Task-aware Similarity Learning for Event-triggered Time Series
This work addresses a crucial problem for applications like automated driving and smart home automation by providing a systematic approach to similarity learning, though it appears incremental as it builds on existing techniques like autoencoders and GMMs.
The paper tackles the problem of learning suitable similarity measures for event-triggered time series, which is challenging due to complex temporal dynamics, by proposing an unsupervised framework that combines hierarchical multi-scale sequence autoencoders and Gaussian Mixture Models, resulting in a method that outperforms state-of-the-art approaches in experiments.
Time series analysis has achieved great success in diverse applications such as network security, environmental monitoring, and medical informatics. Learning similarities among different time series is a crucial problem since it serves as the foundation for downstream analysis such as clustering and anomaly detection.
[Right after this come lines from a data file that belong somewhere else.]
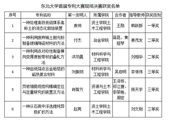 决赛现场,参赛选手重点围绕作品申报书中涉及的作品简介,设计实施方案,有益效果、主要技术指标和用途,市场前景和创业计划等内容开展陈述。评审团结合答辩情况现场问辩,并对专利作品创意设计的新颖性、合理性、实用性、申报书完整规范性、市场前景和创业计划科学性进行综合评定。经过激烈角逐,本次大赛共评选产生一等奖1项、二等奖2项、三等奖3项。其中,一等奖获奖作品《一种处理高铁低铝煤系高岭土的流态化煅烧装置》由资源与土木工程学院的袁帅、王勋完成,韩跃新老师指导。
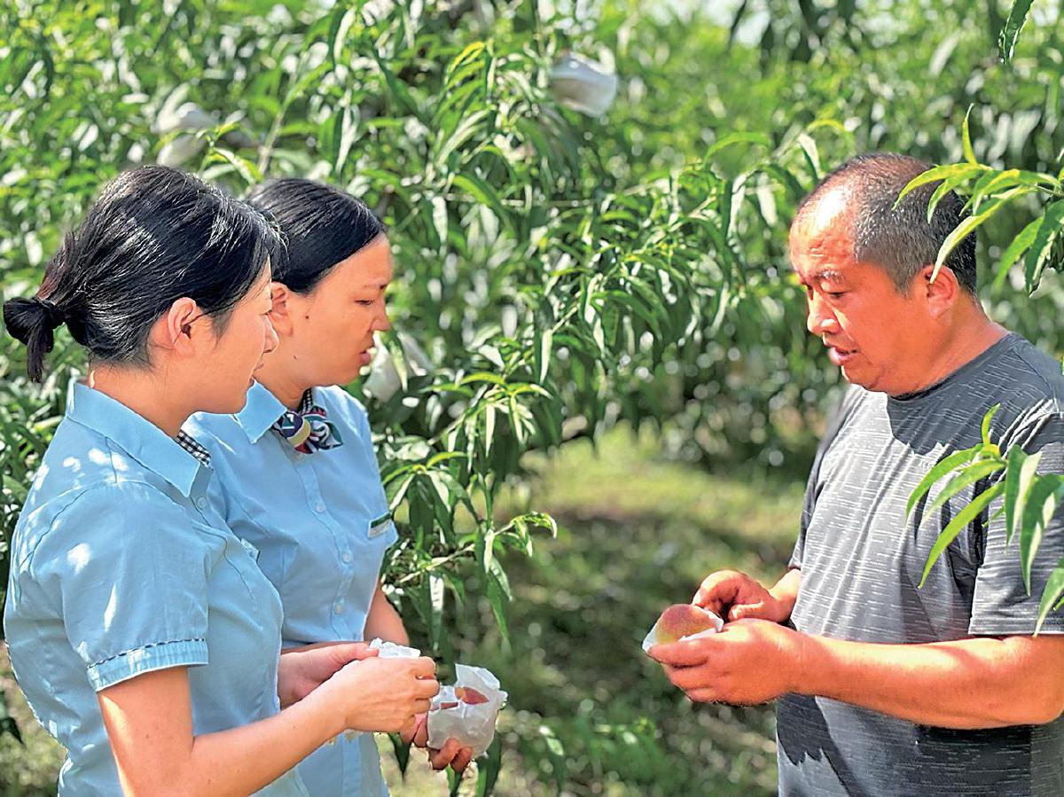 郵政工作人員在郭家村果園了解農(nóng)品情況,并向農(nóng)戶介紹郵樂平臺。 □宋貞穎 攝
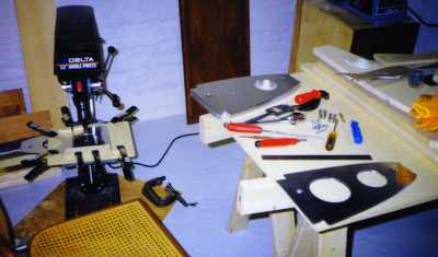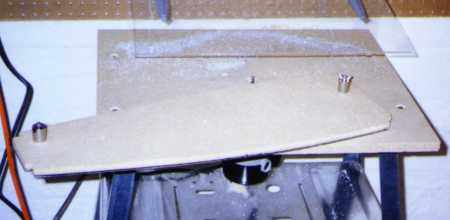 Setup for trimming the aft wing ribs to size on the table router. Held rib blank to pattern block using the bolts for holding the rib blanks between the form block & backing block. Sockets on bolts used as handles. Used laminate edge trim bit (1/4" dia) to cut rib blanks. For doing 26 ribs, the process of making the form block and setting up the router may not be worth the trouble. But it is very fast once set up. 8/7/99 (posted 11/21/99)
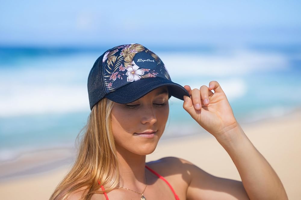 Embark on your next adventure with this Women's Trucker Hat by Rip Curl, your ultimate companion for the road. Made from 100% polyester, this trucker hat boasts a curved peak and a beautiful print, adding a distinctive flair to your look. The adjustable snap tab guarantees a personalized fit, while the recycled polyester mesh provides breathability, keeping you cool during those warm summer days.
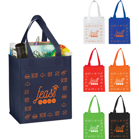 • The Basic Grocery Tote has a large open main compartment and its reusable functionality make it a great alternative to plastic bags. This item does not include a bottom board. 80g Non-Woven Polypropylene
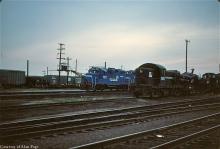 Late in the day at Morrisville yard in April, 1977, CR GP10's 7572 and 7574 pass by a line of stored, or retired, units including PC RS1 9902.
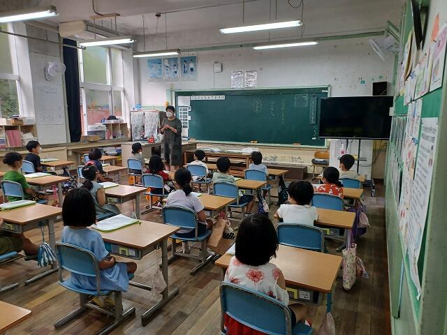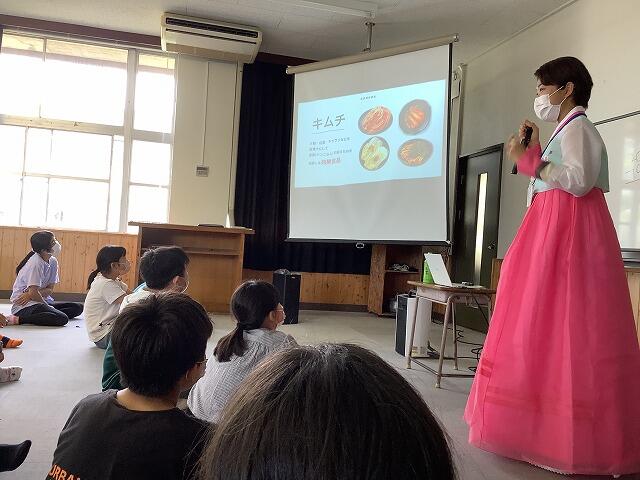 今日は、6年生を対象に国際理解講座を行いました。国際交流員のヤン・ヘジョンさんを講師としてお招きし、韓国について、いろいろ教えていただきました。ヤンさんは、韓国の民族衣装に身を包み、用意してくださったプレゼンやビデオを使って、韓国の国旗、 通貨 、伝統家屋、伝統衣装、食文化、ハングルと韓国語など多岐にわたる文化を子ども達に伝えてくださいました。KPOPが好きな子ども達もたくさんいるようで、ヤンさんの話を興味深そうに聞いていました。更に韓国に対する興味・関心が高まりました。次回は、9月に来られる予定です。今から楽しみです。
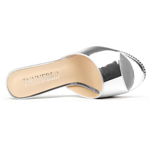 TNYNFBEB Womens Stiletto High Heel Peep Open Toe Sandals Mules Shoes Slingback Slip-on Silver Beaded Prom Party Dress Patent Leather 3.9 Inches Heels 6
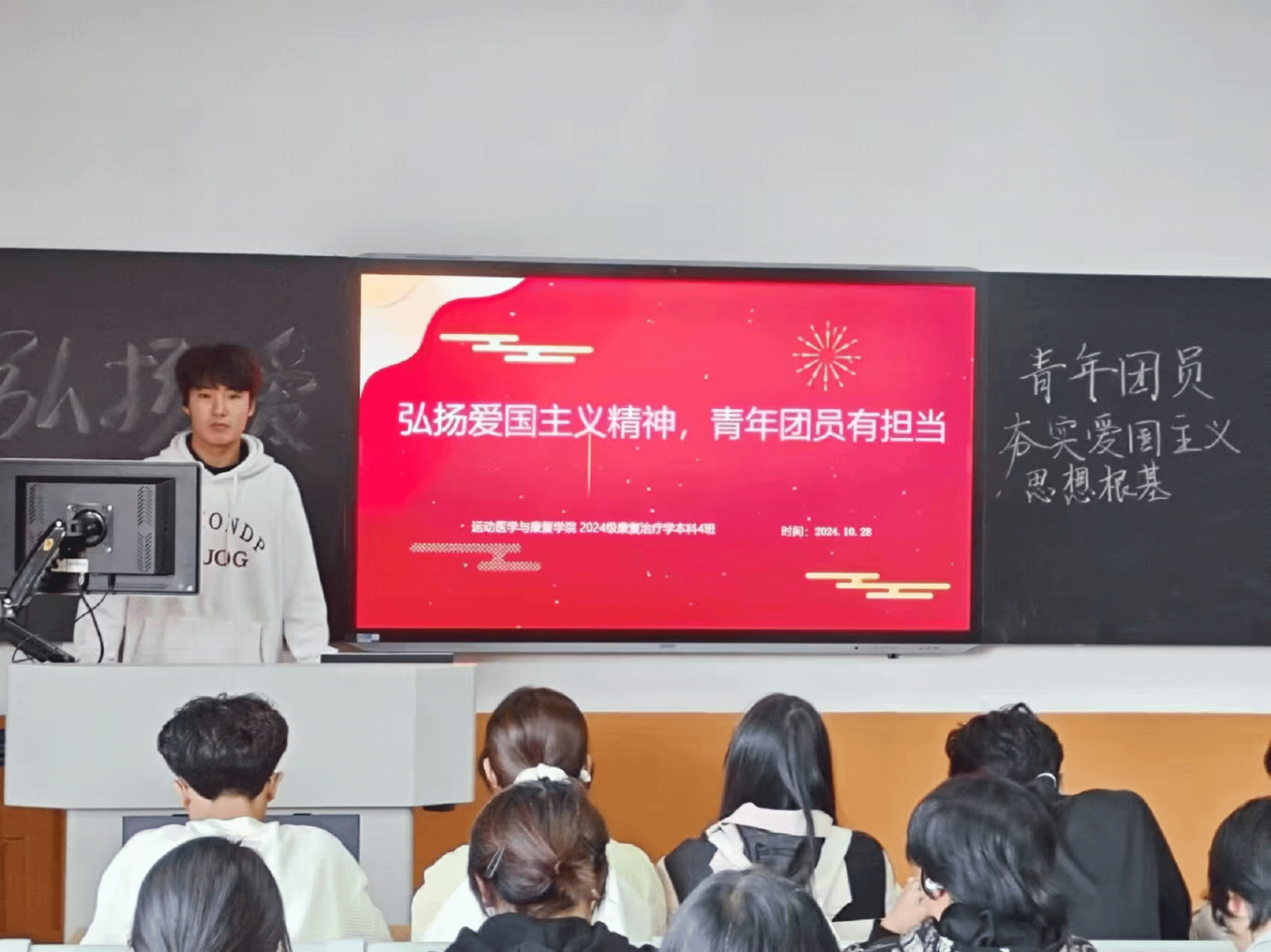 活动伊始,各班团支书通过精心制作的PPT和视频资料,向同学们展示了习近平总书记在不同场合关于弘扬爱国主义精神的重要讲话和论述。从总书记的话语中,同学们深刻感受到了爱国主义是中华民族精神的核心,是团结全国各族人民自强不息、开拓奋进的旗帜,也是实现中华民族伟大复兴的强大精神动力。

It often remains unclear what kind of distance metric is suitable for similarity learning due to the complex temporal dynamics of the time series generated from event-triggered sensing, which is common in diverse applications, including automated driving, interactive healthcare, and smart home automation. The overarching goal of this paper is to develop an unsupervised learning framework that is capable of learning task-aware similarities among unlabeled event-triggered time series. From the machine learning vantage point, the proposed framework harnesses the power of both hierarchical multi-scale sequence autoencoders and Gaussian Mixture Model (GMM) to effectively learn the low-dimensional representations from the time series. Finally, the obtained similarity measure can be easily visualized for explaining. The proposed framework aspires to offer a stepping stone that gives rise to a systematic approach to model and learn similarities among a multitude of event-triggered time series. Through extensive qualitative and quantitative experiments, it is revealed that the proposed method outperforms state-of-the-art methods considerably.